The American Friends of the Palazzo Ducale Genoa association was established in 2020 with the aim of spreading information among the American public about the exhibitions and other cultural activities put on by the Wolfsoniana and Palazzo Ducale and financially supporting their projects, as well as establishing a collaborative exchange with the Wolfsonian-Florida International University and other museums, foundations and educational institutions in the United States.

President
Wolfson Jr, Mitchell

Vice President
Hughes, Michael

Secretary
Barisione, Silvia

Treasurer
Miano, Lou

Honorary Director
Reinhardt, Aurelia


Currently exposed at the Wolfsoniana Museum

A painting Nicolò Garaventa and the young “garaventini” in the Redemption training ship by Domingo Motta (Genoa 1872-1962) – an artist whose evocative 1898 work, Lo spaccapietre (The Stonebreaker), inspired by the stylistic and iconographic models of nineteenth-century social realism, already has a place in the Wolfsoniana. The monumental painting Nicolò Garaventa and the young “garaventini” … was presented at the Italian General Exhibition held in Turin in 1898 and was most probably made on commission. It documents one of the most fascinating episodes of Genoese philanthropy: the story of the educationalist and benefactor Nicolò Garaventa who received as a gift from Umberto I the brigantine of the Sardinian Navy Daino (later renamed Redenzione), which he then fitted out as a facility for rehabilitating disadvantaged young people.

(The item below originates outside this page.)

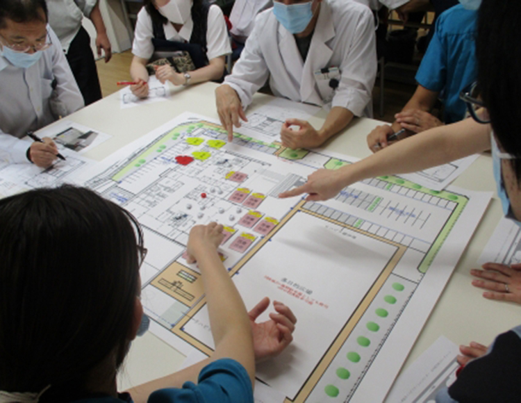 10月20日(金)に、リハビリテンションセンターで火災訓練を行いました。 今年は、机上訓練と消火放水訓練を行いました。 机上訓練では、リハビリテーション部スタッフ、看護師、事務職によっていくつかのチームを作り、 実際の災害を想定し、患者さんの誘導経路や、スタッフの動きを確認しました。 チームによって考えが異なり、多くのパターンが想定されました。 最後には、チーム同士で発表し合い、安全に避難するポイントを共有しました。 消火放水訓練では、実際にホースから放水する訓練を全員で行いました。 消火栓のスイッチを押し、ホースを伸ばし、放水。 水圧がすごくて、しっかり握らないとホー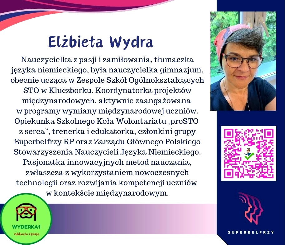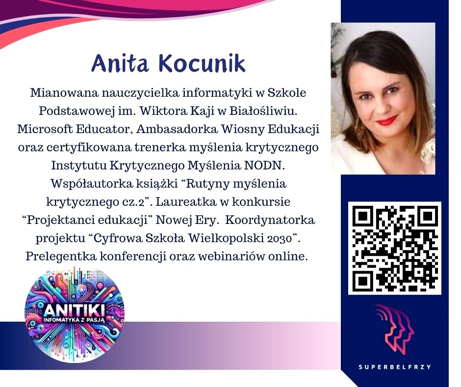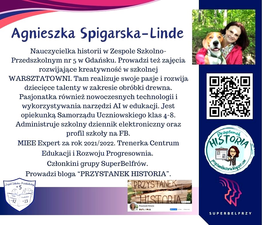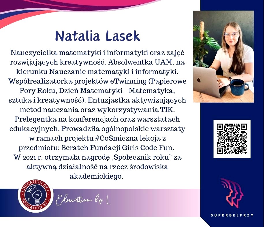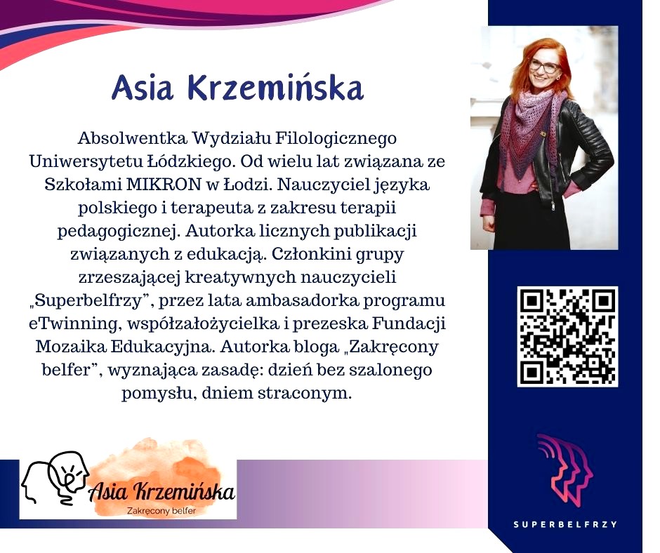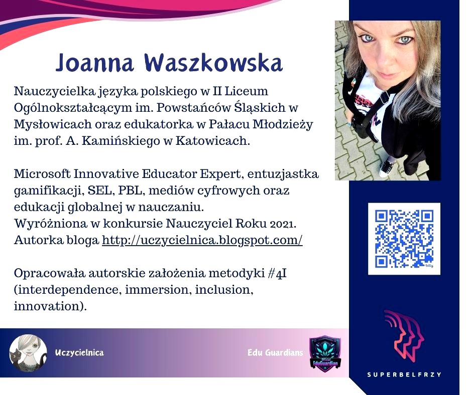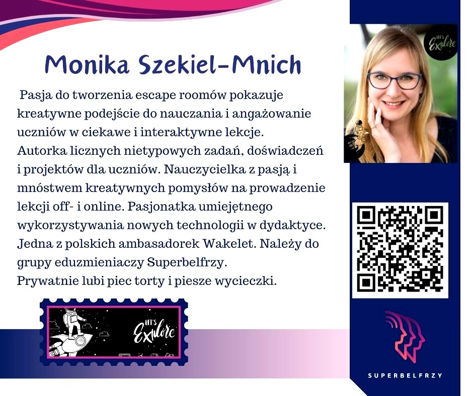 W tym roku w Canvie potworzyliśmy swoje wizytówki,, gdzie każdy przedstawiał się kim jest i co robi oraz umieścił kod QR, który odsyła do zasobów sieciowych nim związanych.

A painting Lights of War (1918) by Federico Maragliano (Genoa 1873-1952), a Genoese painter celebrated for his accurate depictions of landscapes, is an invaluable iconographic record of the anti-aircraft defences set up in the Ligurian capital during the First World War to forestall the attacks it was feared would destroy Genoa’s port infrastructure and, in particular, Ansaldo’s military-industrial plants.


A painting by Giovanni Costantini (Rome 1872 – 1947) The Mother (1921) makes part of the series Lacrime di guerra, created by the artist after the end of the First World War: a heartbreaking pictorial protest of the horrors of a global conflict, in which for the first time the world powers clashed using the deadly technology of modern weapons. The painting depicts a woman in a factory assembling a bullet. The image, treating the modern themes – feminist and patriotic, shows the contradictory nature of this action: the woman, who is about to give birth to a new life, participates in the production of a weapon of death.